= YOUR GOAL =
Starting at the line that contains "اگهی مناقصات عمومی", please transcribe every line through the end of the entries, exactly and with no pictures.

[Data excerpts]
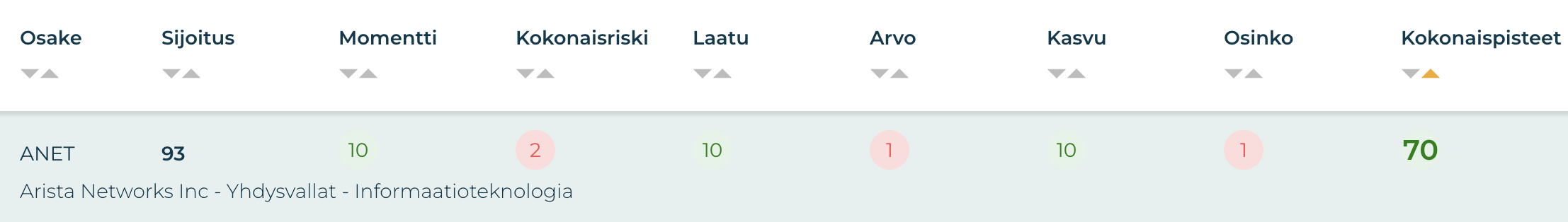 Arista profiloituu Cadencen tavoin liiketoiminnan kovaan kasvuun (10) ja laatuun (10) nojaavaksi osakkeeksi, jonka momentti (10) on viimeaikaisten hintaliikkeiden ansiosta erittäin vahva. Osakkeen nousu huhtikuun pohjalta nykypäivään on kerryttänyt 122 prosentin tuotot, ja EPS:n kolmen vuoden kasvuennuste sijoittuu analyysin osakkeiden joukossa Cadencen jälkeen toiseksi korkeimmalle tasolle 20 prosentilla. Myöskään Arista ei maksa osakkeenomistajille osinkoa. Markkinoiden kasvuodotukset heijastuvat osakkeen hintaan ja korottavat tulosperustaisia arvostuslukuja (EV/EBIT: 47,2 ja P/E(2025e): 50,8). Arvostus altistaa osakkeen korostuneille hintaliikkeille, mikä näkyy muun muassa osakkeen korkeassa volatiliteetissa: 53,4 prosenttia.
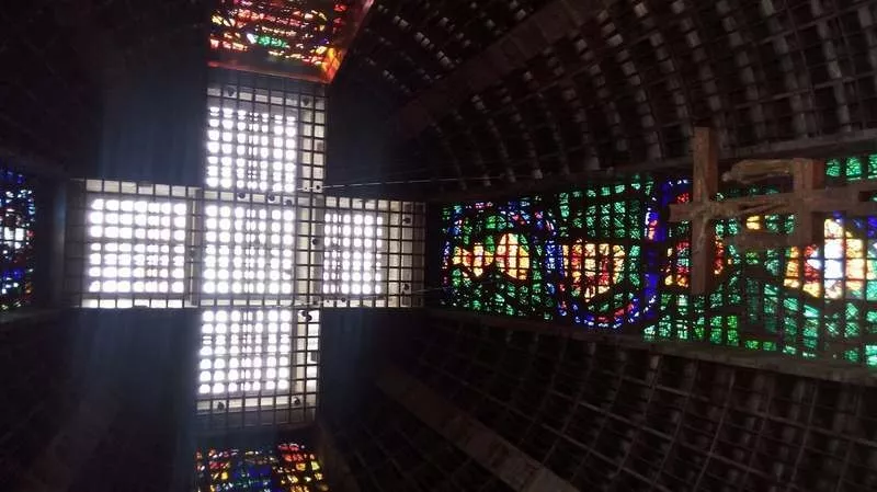 在里約市中心的天梯大教堂是當(dāng)局為慶祝里約教區(qū)建立300周年而修建的。它的外觀(guān)是非常前衛(wèi)的錐形造型,完全不同于一般傳統(tǒng)的天主教堂,而內(nèi)部則由四種不同顏色的強(qiáng)化塑膠板拼成四幅巨大的彩繪墻壁,通向十字架型天花板。踏入教堂大門(mén),抬起頭便可仰望懸掛在教堂正中的巨大受難圣像,令人肅然起敬。神壇后方有黑色圣母木雕,為當(dāng)?shù)?a href='/yumin49/' target=_blank>漁民出海討生活之保護(hù)神(類(lèi)似臺(tái)灣媽祖)。
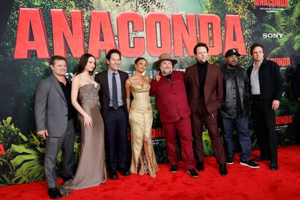 Los Angeles Premiere Of Columbia Pictures' "Anaconda" LOS ANGELES, CALIFORNIA - DECEMBER 13: (L-R) Steve Zahn, Daniela Melchior, Paul Rudd, Thandiwe Newton, Jack Black, Selton Mello, Ice Cube and Tom Gormican attend the Premiere of Columbia Pictures' "Anaconda" at The United Theater on Broadway on December 13, 2025 in Los Angeles, California. (Photo by Frazer Harrison/Getty Images) (Frazer Harrison/Getty Images)
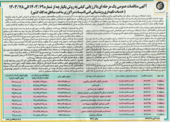 اگهی مناقصات عمومی با ارزیابی کیفی به روش یکپارچه خدمات نگهداری و پشتیبانی فنی تاسیسات مراکز زیرساخت مناطقه ده گانه کشور
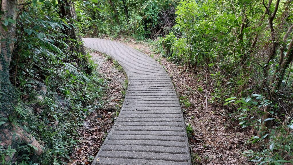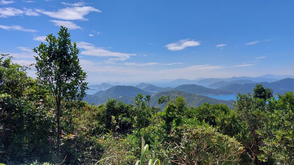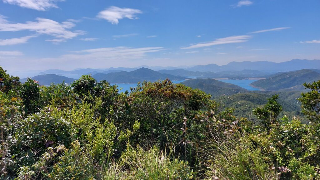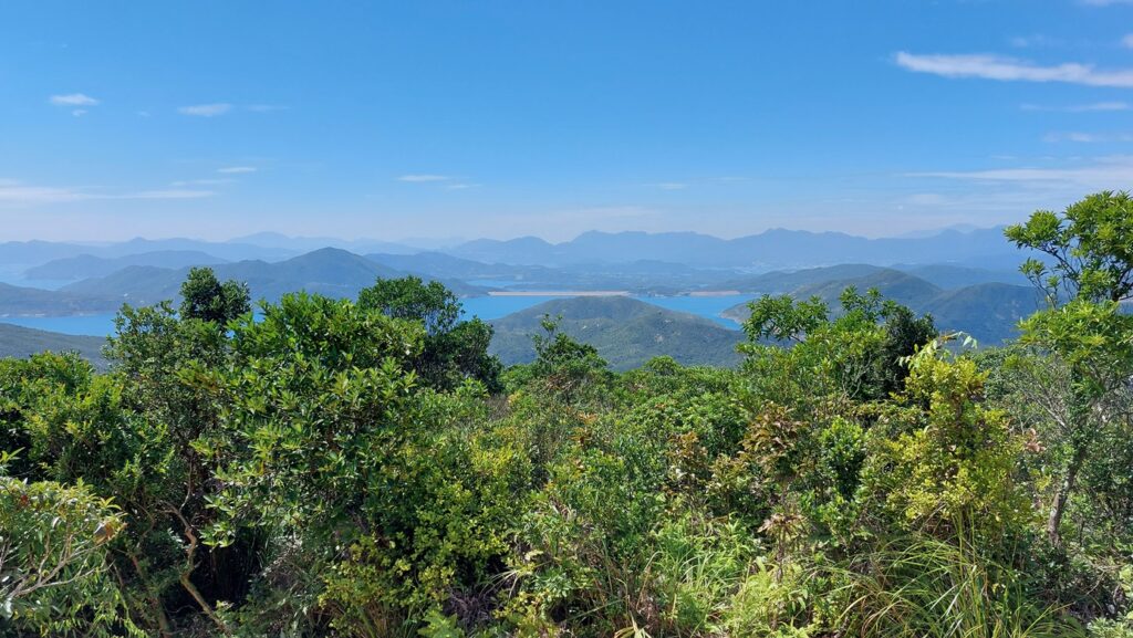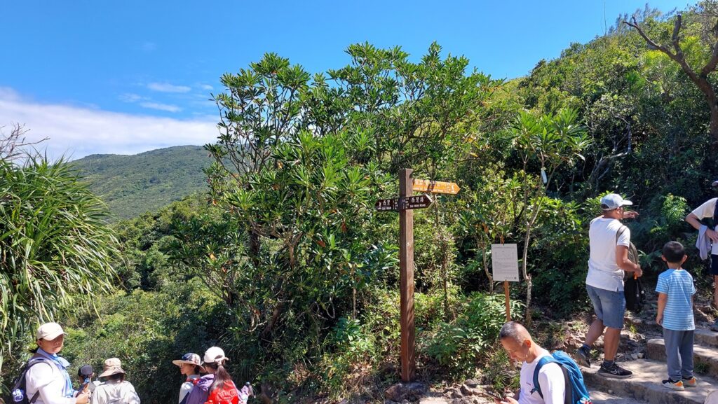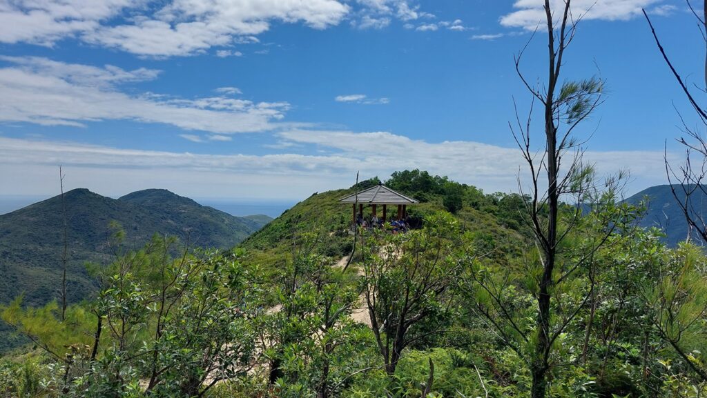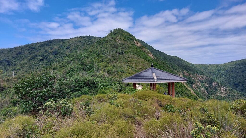 除了浪茄的景觀,還能遠遠看到萬宜水庫。行到第二個涼亭,前少少就到山頂

= RESULT OF THIS EXERCISE =
 اگهی مناقصات عمومی با ارزیابی کیفی به روش یکپارچه خدمات نگهداری و پشتیبانی فنی تاسیسات مراکز زیرساخت مناطقه ده گانه کشور
 除了浪茄的景觀,還能遠遠看到萬宜水庫。行到第二個涼亭,前少少就到山頂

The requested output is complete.